Peran perempuan selama ini
memiliki batasan, perempuan diposisikan sebagai warga kelas dua yang memiliki
peran sangat terbatas. Ada anggapan kolektif masyarakat yang menilai bahwa
perempuan adalah kaum lemah sehingga peran-peran mereka dibatasi dan dimonopoli
oleh kaum pria. Perempuan diposisikan sebagai individu yang hanya melayani
kebutuhan kaum pria. Anggapan ini juga yang membuat kebanyakan perempuan tidak
mau terlibat dalam kegatan-kegiatan lain. Posisi perempuan yang tidak
menadapatkan posisi terhormat dalam kehidupan yang selalu kalah dengan dominasi
laki-laki adalah tradisi purba yang kekal hingga saat ini. Pelaksanaan kegiatan
di Desa, keterlibatan perempuan masih terbilang masih sedikit karena hanya
beberapa orang yang biasa hadir dalam kegiatan musyawarah di Desa. Kalaupun
hadir mereka juga kebanyakan hanya menjadi pendengar.
Banyak kasus yang menempatkan
perempuan pada sisi yang tidak dihargai. Cukup banyak masalah yang dihadapi
oleh perempuan. Salah satunya adalah kasus kekerasan seksual, pelecehan
terhadap perempuan. Kasus kekerasan seksual atau pelecehan terhadap perempuan
tidak hanya terjadi dikota-kota besar tetapi saat ini Desa juga banyak
kasus-kasus kekerasan seksual maupun pelecehan seksual terhadap perempuan. Didunia
kerja, distribusi jabatan manager pada perempuan hanya berada di angka 30,63
persen sedangkan laki-laki diposisi 69,37 persen. Persentase kursi parlemen untuk
perempuan juga masih jauh meski Undang-Undang sudah memberi ruang hingga 30
persen keterlibatan perempuan.
Kementerian Desa PDTT pada 11 November 2020 melakukan deklarasi
peningkatan keterlibatan perempuan melalui Desa Ramah perempuan. Deklarasi
peningatan keterlibatan perempuan melalui Desa ramah perempuan merupakan angin
segar bagi kaum perempuan yang selama ini mereka termarginalkan.
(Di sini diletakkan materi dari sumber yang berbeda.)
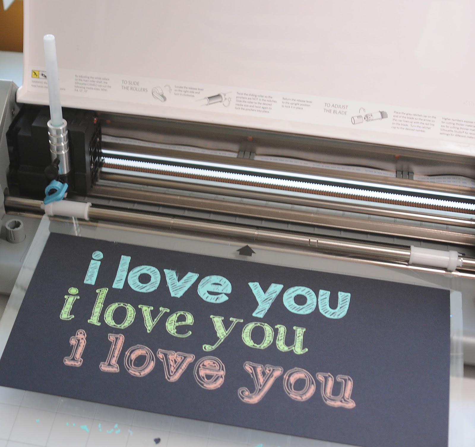Make sure you highlight the outside of your design each time you do this and keep changing the offset up and down until it looks full. This is a small design, so I did the internal offset 4 times and it completely filled in my design. I then added a Sakura Moonlight Gelly roll gel pen to the Chomas Creations adjustable pen holder, adjusted the thickness to 6 and the speed to 3 and drew my design. Notice that my design is moved away from the white rollers to prevent smearing.

Kegiatan
tersebut mengurangi dominasi kaum laki-laki dalam pelaksanaan kegiatan
pembangunan di Desa. Deklarasi peningkatan keterlibatan perempuan melalui Desa
ramah perempuan patut mendapatkan apresiasi. Program ini adalah sebuah
terobosan yang menempatkan posisi perempuan menjadi lebih terhormat.
Deklarasi Peningkatan
Keterlibatan Perempuan Melalui Desa Ramah Perempuan merupakan kerja sama antara
kementrian Desa PDTT dan Kementrian Pemberdayaan Perempuan dan Perlindungan
Anak. Sebagai bentuk komitmen Gus Menteri untuk menempatkan posisi perempuan
menjadi lebih terhormat, Gus Menteri memasukan program Desa ramah perempuan
dalam Sustainable Development Goals (SDGs) atau pembangunan berkelanjutan, yang
akan menjadi role model pembangunan Desa.
Program Desa Ramah Perempuan
mendapatkan apresiasi tidak hanya pada beberapa organisasi perempuan tetapi
juga mendapatkan apresiasi dari pemerintah Australia yang diwakili oleh
kedutaan Australia di Indonesia dan United Nations Development Programe (UNDP).
UNDP merupakan badan program pembangunan PBB. Program Desa Ramah Perempuan
patut mendapatkan apresiasi dari seluruh masyarakat Indonesia dan program
tersebut harus bisa terlaksana dengan baik di Desa sehingga posisi perempuan di
Desa tidak lagi sebagai warga kelas dua tetapi posisi sosialnya di masyarakat
sama dengan kaum laki-laki.
Untk menjamin terlaksananya
program Desa ramah perempuan di Desa, Desa wajib melibatkan masyarakat dalam
pembangunan Desa. Kehadiran dan keterlibatan perempuan dalam musyawarah Desa
paling tidak mencapai 30 persen. Keterwakilan perempuan dalam kelembagaan Desa,
apakah sebagai aparat Desa, pengurus BUMDes, anggota BPD, Anggota LPM maupun
lembaga seperti pos pelayanan teknologi tepat guna harus mempertimbangkan
keterwakilan perempuan paling tidak 3o persen. Selama ini posisi perempuan di
lembaga yang ada di Desa masih sedikit karena semua di dominasi oleh kaum
laki-laki. Dengan adanya program Desa ramah perempuan kita berharap pelecehan
terhadap perempuan bisa diminimalisir dan penempatan posisi pada kelembagaan
Desa juga sudah ada keterwakilan perempuan 30 persen.